Трактирщик уходит, печатая шаг так, что всякому становится понятно, что он изрядно перебрал, а я, оставив недопитую кружку, поднимаюсь наверх. Лизхен, как видно, предупредили о моем приезде, и она успела принарядиться сама и расчесать локоны дочке. Увидев меня, маленькая Марта прячется за подол матери и осторожно выглядывает из-за него. Странно, обычно я лажу с детьми, а вот дочка почему-то дичится.
– Не сердитесь на нее, ваше величество, – извиняющимся тоном говорит ее мать, – вы не слишком часто у нас бываете, и она никак не привыкнет.
– Что ты говоришь, Лиза, разве я могу на вас сердиться? Здравствуй.
Вообще-то высказанная обиняком претензия неосновательна. Бываю я здесь довольно-таки регулярно, подарки привожу, материальную помощь оказываю, а что до прочего… извини, подруга, но цари не женятся на маркитантках даже в сказках.
– Здравствуйте мой кайзер, как хорошо, что вы нашли время навестить нас. Вы голодны?
– В определенном смысле – да!
Мои слова прерывает осторожное кряхтение Фридриха за углом, очевидно, опасающегося помешать нам.
– Где ты прячешься, старина?
– Я здесь, мой кайзер, – отвечает тот, заходя в комнату и опираясь при этом на палку.
Старый Фриц сильно сдал за это время. Глаз уже не тот, руки дрожат, ноги болят. Старику давно пора на покой, но живость характера бывший ландскнехт не растерял, как и желание служить. Приезда Катарины он ждет как бы не больше меня, в надежде, что осуществится его заветная мечта, и он станет воспитателем принца Карла, послужив таким образом трем поколениям Никлотичей. Пока же он нянчит маленькую Марту, в которой души не чает. Малышка зовет старика дедушкой и отвечает ему искренней приязнью, так что я иной раз даже ревную.
– Как поживаешь, старый солдат?
– Недурно, Иоганн, разве что немного скучно.
– Скучно, говоришь… да, ты нашел подходящее слово, старина.
– Ну, вам то, наверное, веселее в ваших палатах?
– Черта с два, я скоро завою от этого веселья. Молебны, дума, боярские рожи…
– Вам надо начать какую-нибудь войну, мой господин. Вы не созданы для спокойной жизни. Говоря по совести, я удивляюсь тому, что вы не сорвались в поход или еще какое рискованное предприятие.
– Войну… – хмыкаю я, – да ведь она и без того идет уже черт знает сколько времени.
– Разве это война? Нет, с вашим характером надо ввязаться во что-то более серьезное. С крымским ханом, к примеру, или даже самим султаном.
– Ты шутишь? Этого мне еще не хватало!
– Ничуть, у вас ведь всегда так – ввяжетесь в переделку, и только потом думаете, как из нее выбраться.
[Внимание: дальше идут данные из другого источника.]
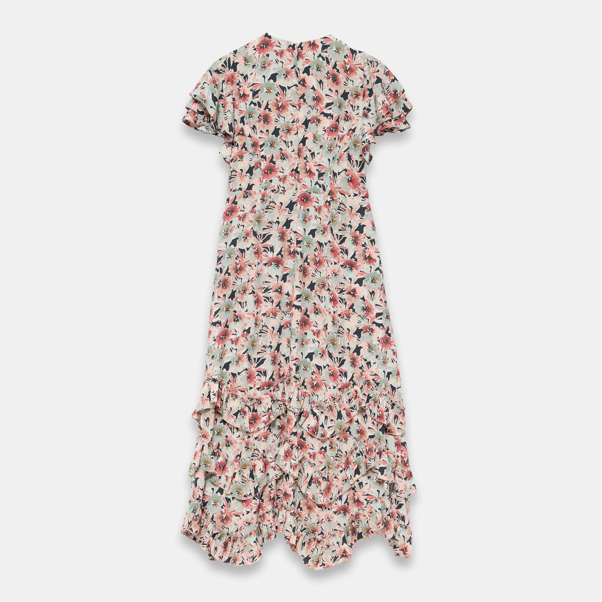 - Floral print, maxi silhouette, gathered crew neckline, short ruffle sleeves, layered ruffle hemline, zip back fastening, logo detail
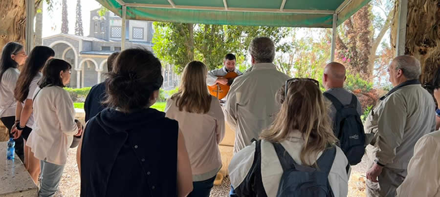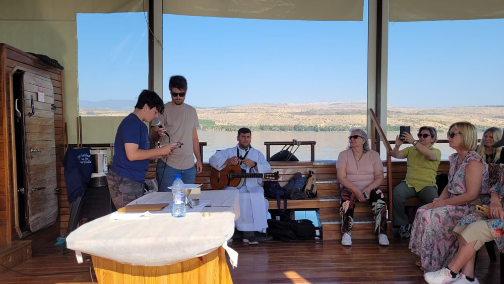 Peregrinación espiritual a Tierra Santa: Misa en el barco en medio del lago de Tiberíades (Mar de Galilea): Entregando las tormentas de la vida. Tabgha: lugar de la multiplicación de los panes y de los peces: Reflexión y tiempo de oración pidiendo a Dios que multiplique sus bendiciones. Río Jordán: Renovación de las promesas bautismales y orando por una nueva efusión del Espíritu Santo.
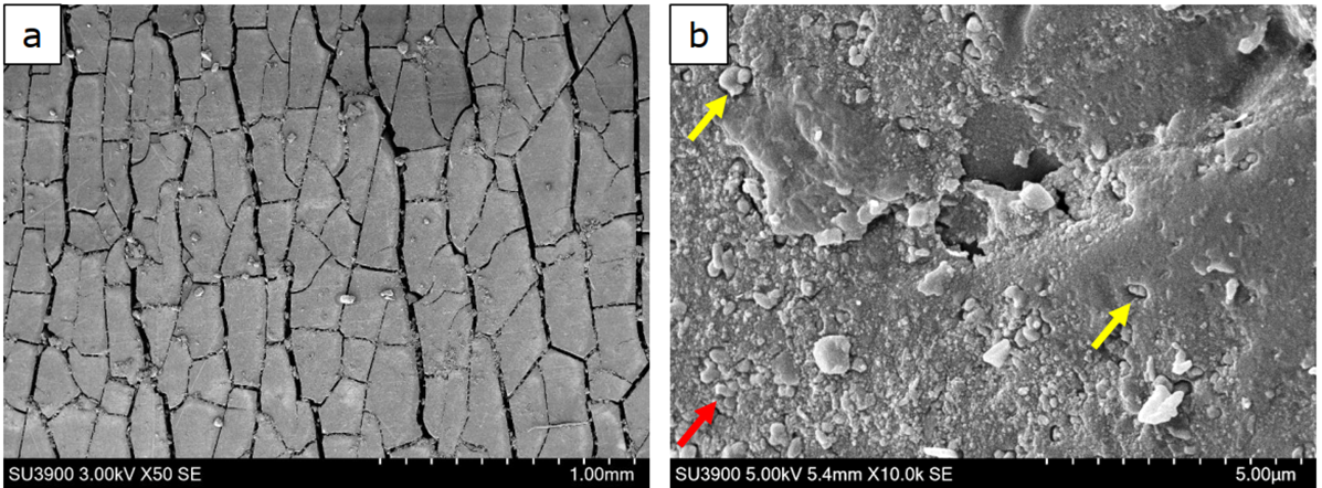 Hình 1 thể hiện hình ảnh của nhựa 20 năm. Các vết nứt rộng với khoảng cách 300 μm được kết nối với nhau bằng mạng lưới các vết nứt hẹp được quan sát trong hình (a). Ở hình ảnh phóng đại (b), bề mặt thô ráp với các hạt lộ ra (mũi tên màu vàng) và đóng cặn có thể được quan sát thấy (mũi tên màu đỏ).
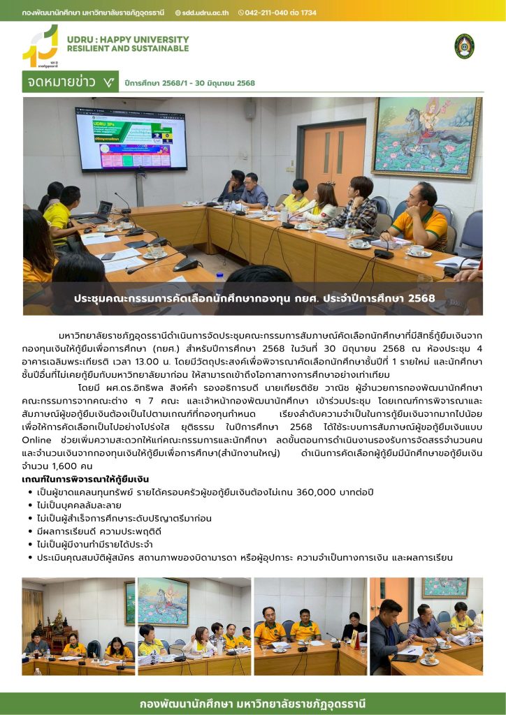 📌 การสัมภาษณ์คัดเลือกนักศึกษากองทุน กยศ. มหาวิทยาลัยราชภัฏอุดรธานี ปี 2568

Пока мы беседовали, Лизхен увела Марту и уложила спать. Затем, появившись с дверном проеме, изобразила на лице такое томление, что Фриц сразу засобирался. Едва старик вышел, стуча палкой, она проскользнула ко мне и, обвив шею руками, жарко зашептала на ухо:
– Я так соскучилась по вам, Иоганн!..
– Ну, хоть кто-то…
– Вы так жестоки к своей верной Лизхен!
– Разве? Мне всегда казалось, что я до крайности добрый господин.
Но бывшая маркитантка, а теперь трактирщица, не слушает меня, и ловко расстегивает пуговицы на кафтане. Не выдержав напора, я подхватываю ее на руки и несу к кровати. Детали туалета одна за другой летят на пол, и скоро мы сливаемся в объятиях…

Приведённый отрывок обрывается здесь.